- _EXERCISE_:
From the material below, retype exactly the lines that begin at the line with "Dubbel nivådesign –" and end after the line with "1.3mmカウハイド 復刻50'スタイル M65"; pictures stay out of the copy.

- _DATA IN THIS EXERCISE_:
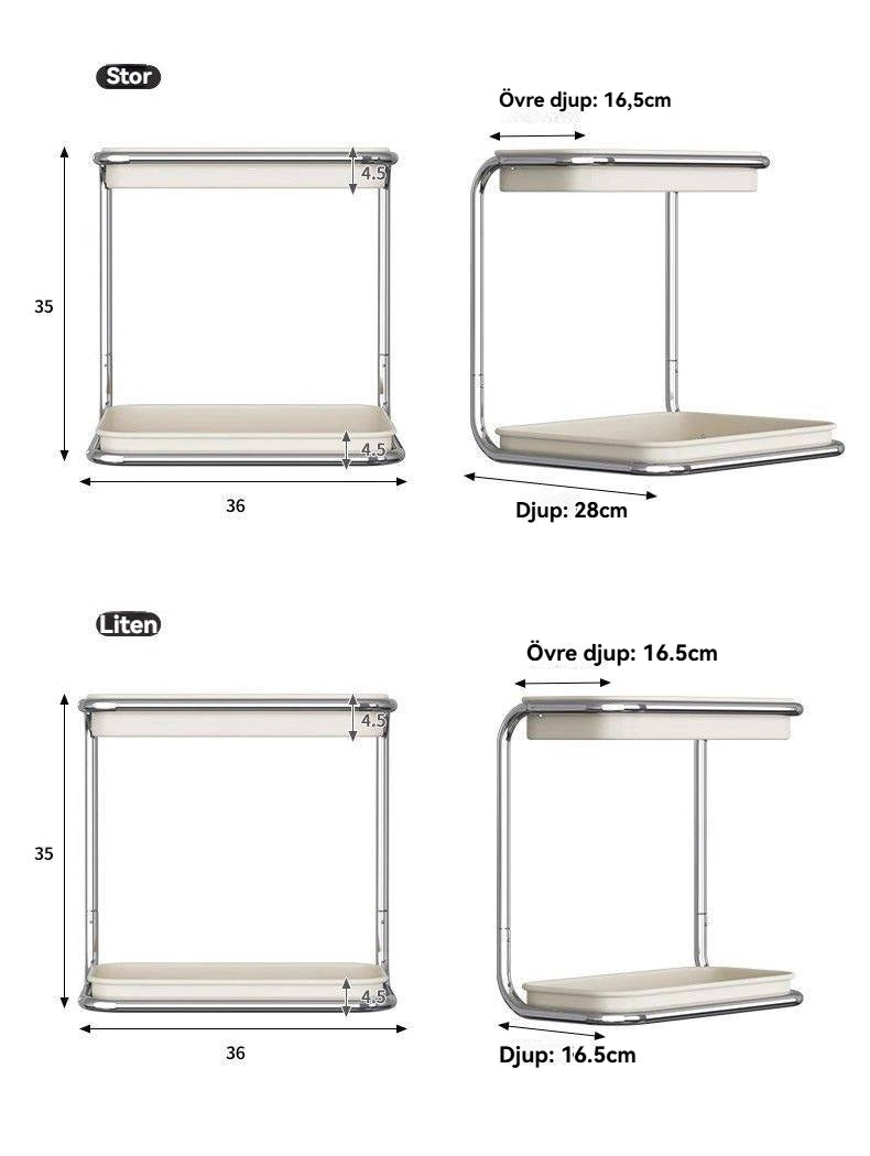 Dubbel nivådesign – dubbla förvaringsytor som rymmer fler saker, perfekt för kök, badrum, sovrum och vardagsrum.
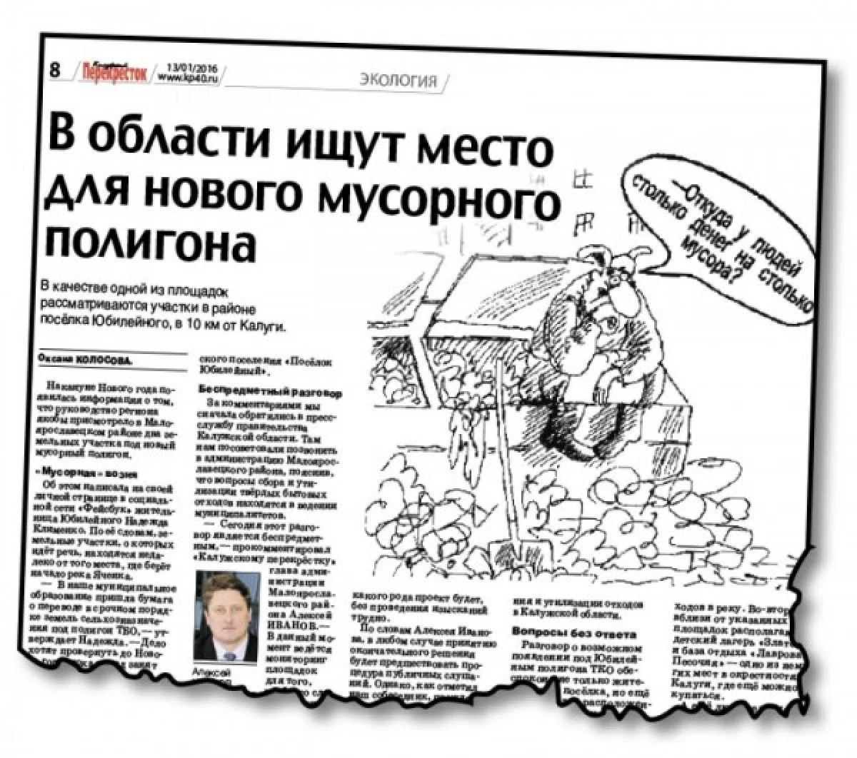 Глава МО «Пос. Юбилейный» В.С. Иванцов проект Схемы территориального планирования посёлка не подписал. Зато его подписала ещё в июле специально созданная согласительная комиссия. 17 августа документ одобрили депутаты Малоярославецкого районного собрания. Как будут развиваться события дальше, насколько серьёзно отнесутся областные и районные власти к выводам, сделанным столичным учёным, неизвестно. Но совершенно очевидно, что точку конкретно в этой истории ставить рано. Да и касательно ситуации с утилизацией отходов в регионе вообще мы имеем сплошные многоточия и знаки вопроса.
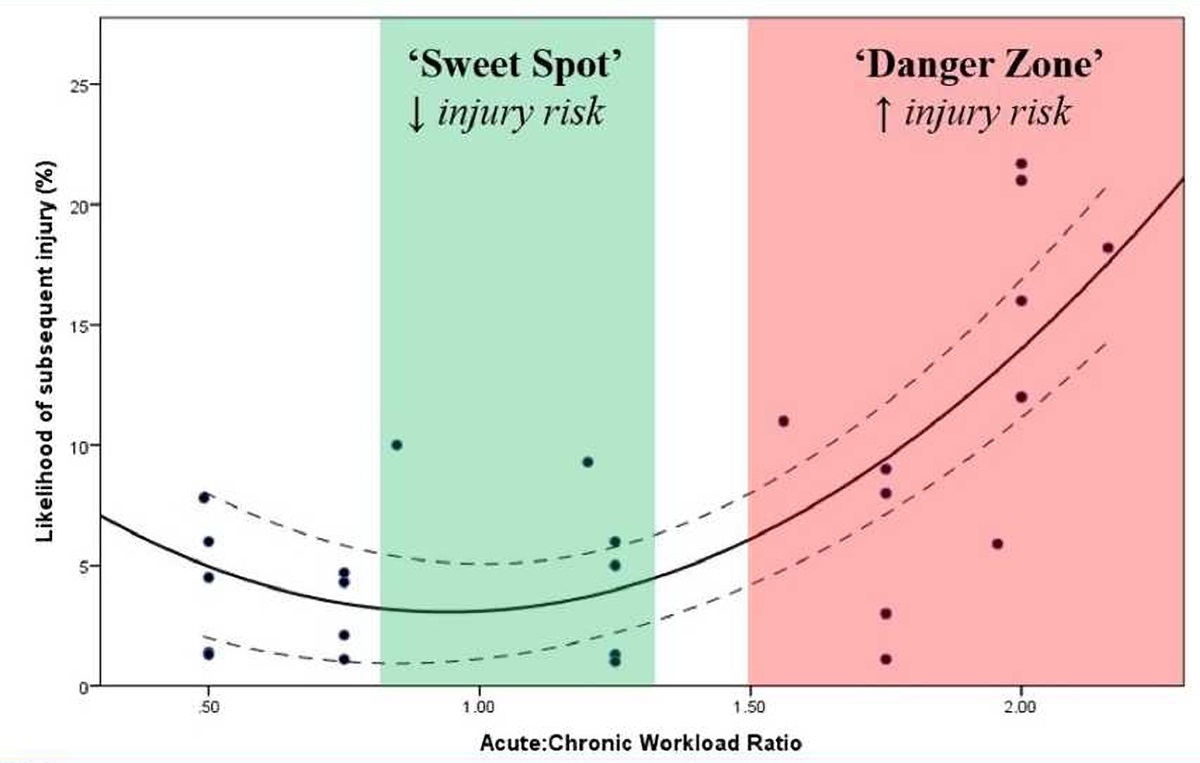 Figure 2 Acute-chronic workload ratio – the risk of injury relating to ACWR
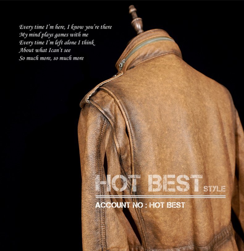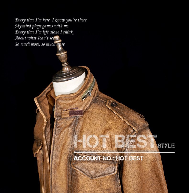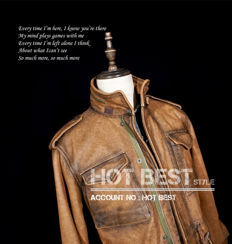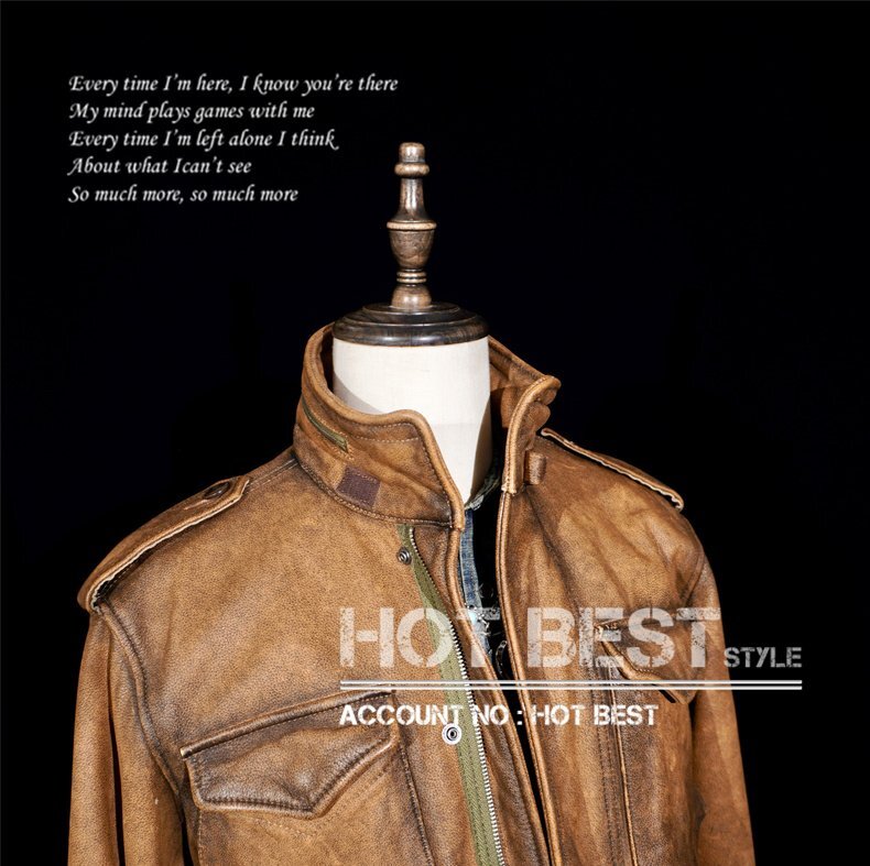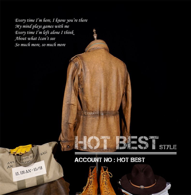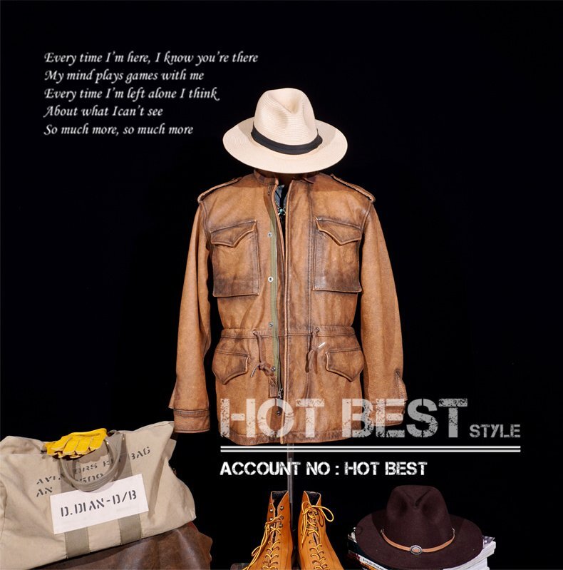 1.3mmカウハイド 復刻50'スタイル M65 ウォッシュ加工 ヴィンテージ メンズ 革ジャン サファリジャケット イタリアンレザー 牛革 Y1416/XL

* * *

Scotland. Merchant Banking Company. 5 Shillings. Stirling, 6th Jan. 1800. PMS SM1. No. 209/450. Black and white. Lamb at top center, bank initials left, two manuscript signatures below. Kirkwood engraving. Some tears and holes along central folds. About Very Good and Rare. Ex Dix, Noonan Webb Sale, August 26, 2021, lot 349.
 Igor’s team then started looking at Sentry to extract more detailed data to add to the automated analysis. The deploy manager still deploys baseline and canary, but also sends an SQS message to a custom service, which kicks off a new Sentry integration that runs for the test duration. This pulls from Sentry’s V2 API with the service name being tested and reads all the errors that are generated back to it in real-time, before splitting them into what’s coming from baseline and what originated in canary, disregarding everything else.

...

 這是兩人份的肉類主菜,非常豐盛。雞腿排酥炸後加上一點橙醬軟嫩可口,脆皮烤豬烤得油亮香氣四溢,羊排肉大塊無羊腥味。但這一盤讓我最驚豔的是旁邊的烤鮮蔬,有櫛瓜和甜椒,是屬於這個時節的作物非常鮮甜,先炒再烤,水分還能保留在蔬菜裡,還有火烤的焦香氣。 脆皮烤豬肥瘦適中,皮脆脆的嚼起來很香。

- _TASK ANSWER_:
 Dubbel nivådesign – dubbla förvaringsytor som rymmer fler saker, perfekt för kök, badrum, sovrum och vardagsrum.
 Глава МО «Пос. Юбилейный» В.С. Иванцов проект Схемы территориального планирования посёлка не подписал. Зато его подписала ещё в июле специально созданная согласительная комиссия. 17 августа документ одобрили депутаты Малоярославецкого районного собрания. Как будут развиваться события дальше, насколько серьёзно отнесутся областные и районные власти к выводам, сделанным столичным учёным, неизвестно. Но совершенно очевидно, что точку конкретно в этой истории ставить рано. Да и касательно ситуации с утилизацией отходов в регионе вообще мы имеем сплошные многоточия и знаки вопроса.
 Figure 2 Acute-chronic workload ratio – the risk of injury relating to ACWR
 1.3mmカウハイド 復刻50'スタイル M65 ウォッシュ加工 ヴィンテージ メンズ 革ジャン サファリジャケット イタリアンレザー 牛革 Y1416/XL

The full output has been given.